EPrints Technical Mailing List Archive

See the EPrints wiki for instructions on how to join this mailing list and related information.

Message: #02066

[EP-tech] Fwd: exposing metadata elements properly - EPrints

To: "eprints-tech@ecs.soton.ac.uk List" <eprints-tech@ecs.soton.ac.uk>
Subject: [EP-tech] Fwd: exposing metadata elements properly - EPrints
From: Stevan Harnad <harnad@ecs.soton.ac.uk>
Date: Tue, 2 Jul 2013 07:38:09 -0400

Begin forwarded message:

From: "Madhan, M (ICRISAT-IN)" <M.Madhan@cgiar.org>
Subject: exposing metadata elements properly - EPrints
Date: 2 July, 2013 7:25:48 AM EDT
To: "'tdb2@ecs.soton.ac.uk'" <tdb2@ecs.soton.ac.uk>
Cc: "'Stevan Harnad'" <harnad@ecs.soton.ac.uk>, "'lac@ecs.soton.ac.uk'" <lac@ecs.soton.ac.uk>

Hi:

When AGRIS < http://agris.fao.org/ > team tried to harvest our repository < http://oar.icrisat.org > records, it came up with a request to expose keywords and journal name separately through OAI request. How to expose metadata elements the way AGRIS wants in EPrints? I would be grateful for your help.

Thanks
Madhan

From: Anibaldi, Stefano (OEKC) [mailto:Stefano.Anibaldi@fao.org]
Sent: Tuesday, July 02, 2013 3:15 PM
To: Madhan, M (ICRISAT-IN)
Cc: Keizer, Johannes; Celli, Fabrizio (OEKC)
Subject: RE: ICRISAT REPO

Dear Madhan

We discussed internally and decided to hold until the harvested metadata from ICRISAT will be able to output keywords, either uncontrolled or agrotags.
You will also have the time to see if it is possible to isolate at least the journal title and ISSN from the merged citation information which ICRISAT is dumping to dc:identifier.

Thank you and regards,

Stefano

From: Anibaldi, Stefano (OEKC)
Sent: 01 July 2013 14:59
To: 'Madhan, M (ICRISAT-IN)'
Cc: Keizer, Johannes (OEKC)
Subject: RE: ICRISAT REPO

Hi Madhan

I will discuss with my colleagues the feasibility to index data with all the issues that are listed in an email, reported below, which include the problem of lack of keywords, and the “merged “citation” information in dc:identifier”.
I will get back to you as soon as possible.

Cheers

Stefano

From: Madhan, M (ICRISAT-IN) [mailto:M.Madhan@cgiar.org]
Sent: 01 July 2013 06:54
To: Anibaldi, Stefano (OEKC); Johannes Keizer
Subject: ICRISAT REPO

Dear Stefano:

I am trying to tweak the codes to expose keywords separately to the harvesters.

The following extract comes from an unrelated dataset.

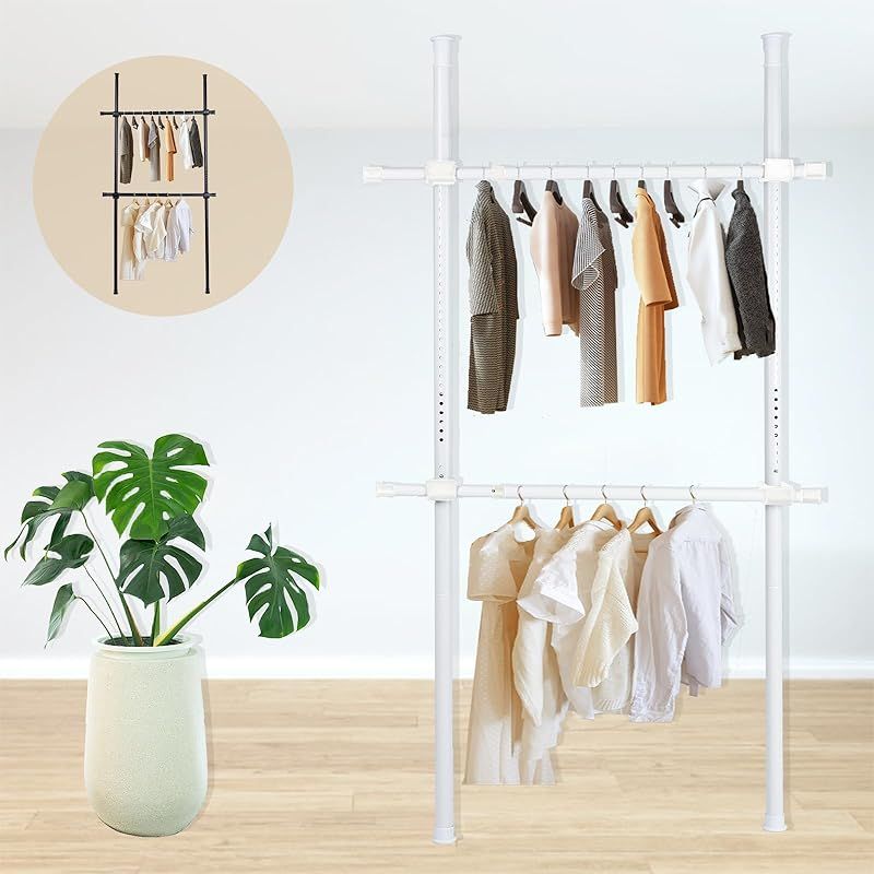 ハンガーラック 突っ張り ラック ポールハンガー 部屋干し ダブル 頑丈 収納ラック

I am in discussion with forum members. I would request you please harvest the records without keywords. We may have to re-run the harvest once our repository can expose keywords as well.

Many thanks

M Madhan
Manager, Library and Information Services
Knowledge Sharing and Innovation
International Crops Research Institute for the Semi-Arid Tropics
Patancheru, Hyderabad 502 324
M.Madhan@cgiar.org
mu.madhan@gmail.com

From: Anibaldi, Stefano (OEKC)
Sent: 01 July 2013 10:10
To: 'Madhan, M (ICRISAT-IN)'
Cc: Keizer, Johannes (OEKC)
Subject: RE: ICRISAT open access data

Dear Madhan,

Thanks a lot and no problems J

Yes, as I was writing below, “The main “subjects” are present, but not the keywords, either uncontrolled or Agrotags (taken from AgroPedia). This is occurring when with all the several metadata formats offered.
I also noticed that one of the search engines (BASE) harvested and indexed your metadata and is completely missing with this essential information (especially for AGRIS and its RDF store).”
No problems for the publication of the data, actually I also come back from holidays.. J

Thanks again,
Stefano

From: Madhan, M (ICRISAT-IN) [mailto:M.Madhan@cgiar.org]
Sent: 23 June 2013 12:06
To: Anibaldi, Stefano (OEKC)
Cc: Keizer, Johannes (OEKC)
Subject: RE: ICRISAT open access data

Stefano:

Sorry again. There was an emergency in family, hence, I happened to rush on leave.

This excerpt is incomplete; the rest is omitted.